BAD HAND

INSTALLATION, 2013

JANE PROPHET (UK)

Jane Prophet thought about the ‘rules’ that define psychotic behaviour and tried to behave according to those rules herself, to try and trigger a psychotic state of her own. To induce a psychotic episode in herself would close the gap between her and her stalker, to resist the urge to make the man who stalks her ‘other’. The video piece is in homage to the allegedly psychotic patient of a psychiatric institution, Emma Hauck. Her letters are typified by one (circa 1909) in which she repeatedly wrote “Sweetheart, come” until the page of paper is reminiscent of a field painting, a dense layering of text that becomes image.

These letters from the asylum to her husband, have been exhibited in the past as artworks. They are labelled with her name and her apparent mental illness, as though it (if it were accurately diagnosed) was as much the author, or the letters-cum-artworks were a gauge or expression of her illness. Jane finds it hard to believe that Emma wrote on the understanding that she was making art and that they would be exhibited in a gallery after her death. Jane thinks that they were letters willing her husband to visit. To rescue her from the asylum? The implication of these being in the Prinzhorn Collection is that her letters were never sent. If this is the case she was doubly betrayed, once by whomever she entrusted the letters to and secondly by the re-branding of them as art.

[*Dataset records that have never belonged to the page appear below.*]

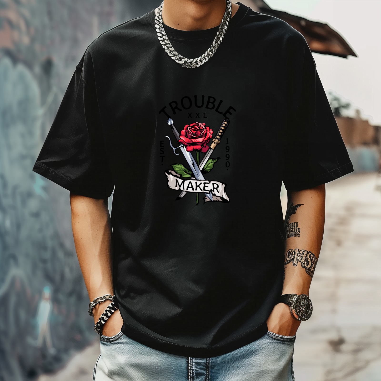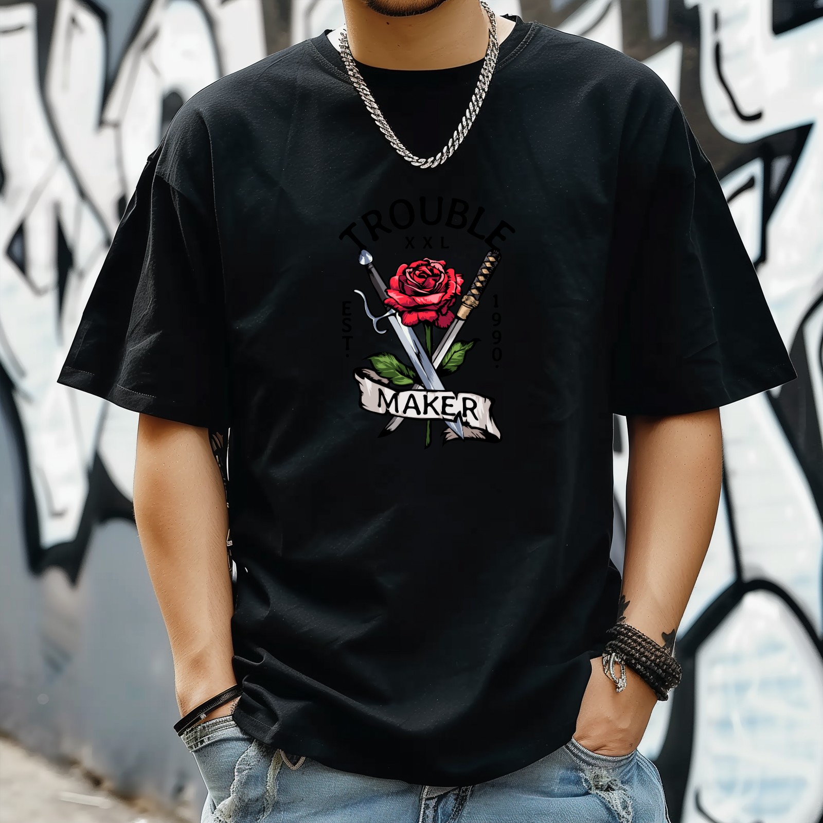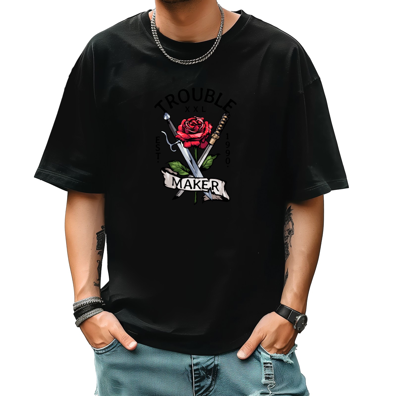 Trouble T-Shirt for Man Tops Short Sleeves Shirt Crew Neck Shirt XS
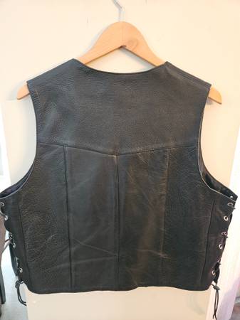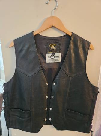 Men's Leather Motorcycle Vest. Size is 44. Vest has snap front and a pocket on the inside. Vest is in excellent condition. Asking $35 cash only.
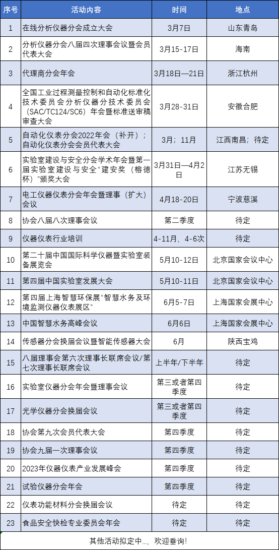 為發(fā)揮中國儀器儀表行業(yè)協(xié)會支撐政府、服務(wù)行業(yè)的橋梁作用,促進行業(yè)間交流與合作,引導(dǎo)產(chǎn)業(yè)健康發(fā)展,推進各項工作的開展,更好地為協(xié)會會員單位服務(wù),特制定中國儀器儀表行業(yè)協(xié)會2023年度主要活動安排,供大家了解參與。
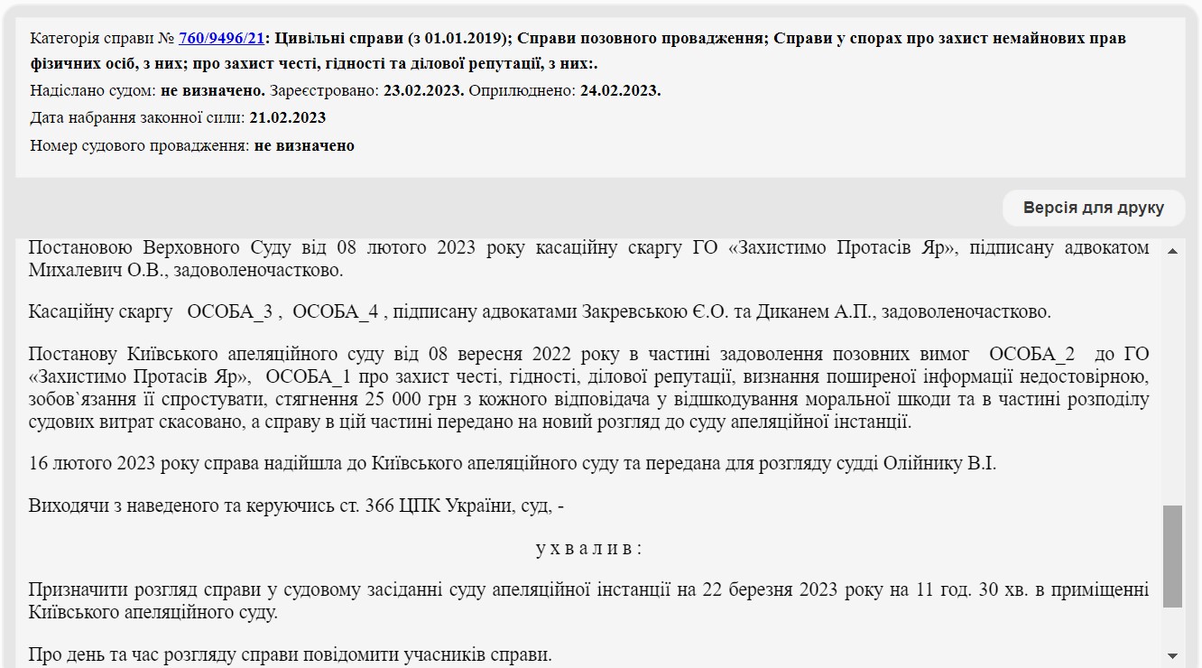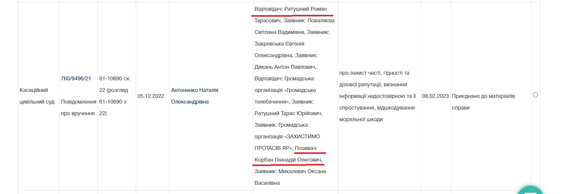 Але все це не завадило Геннадію Корбану і далі позиватися до вже загиблого Романа Ратушного. 5 грудня 2022 року Касаційний цивільний суд призначив справу про розгляд позову Геннадія Корбана до Романа Ратушного на розгляд на 08 лютого 2023 року:
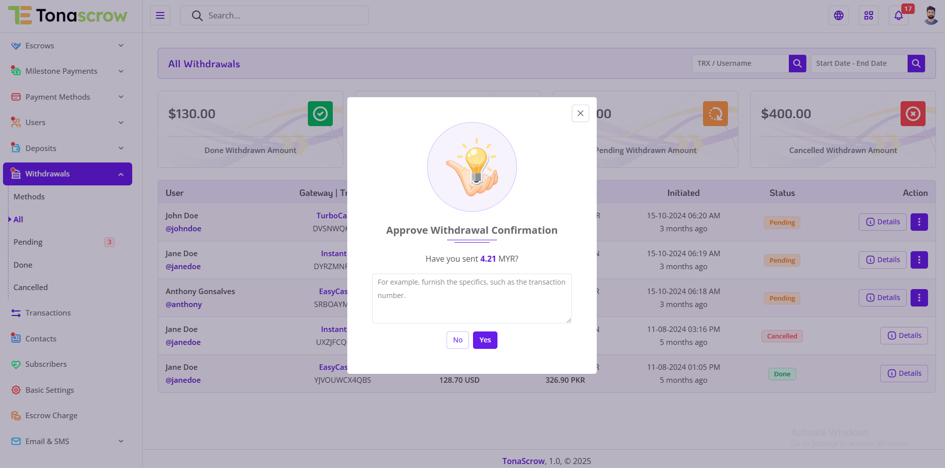 Facilitate a streamlined communication process by allowing administrators to ask transaction proof from users, ensuring a secure and accountable withdrawal process. -
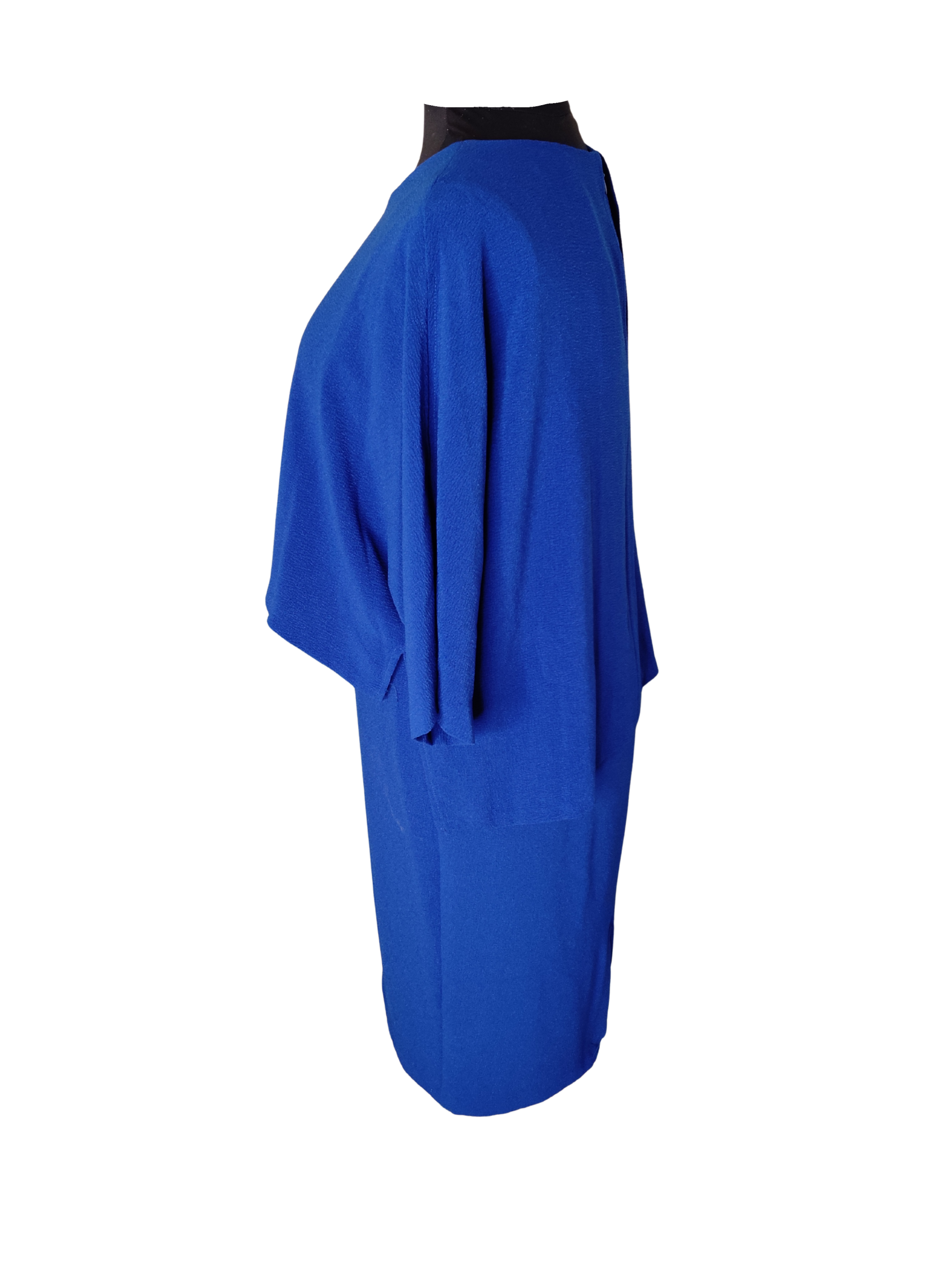 Description: A very stylish quality dress new with tags. Plain colbat blue with cape style top and shift effect dress. 3/4 length sleeves with a slit detail.

If such writing was an expression of psychosis, could a state of psychosis be induced, temporarily by writing in a similar way? Jane sat in a small soundproof room and wrote the first phrase that came to her, repeatedly, until the physical pain in her hand made her stop. She used a Livescribe pen, with audio which enabled her to playback, in real-time, the act of writing (and the sound of her hand and pen as she wrote) and make video.

BIO:

Jane Prophet is a British artist who works across media and disciplines to produce objects and installations, frequently combining traditional and computational media. She often collaborates with life scientists: stem cell researchers, mathematicians and heart surgeons to radically re-envisage the human body. Prophet also makes works that analyse our experience of contemporary landscapes, such as the animation Decoy (2001) and the photographic work The Landscape Room (2001) that combine images of real and algorithmic landscapes. Her ten year interest in 3D printing began with Model Landscapes (2005) that includes miniature trees 3D-printed from mathematical data. She spent 2015 working with neuroscientists making work about art, meditation and death.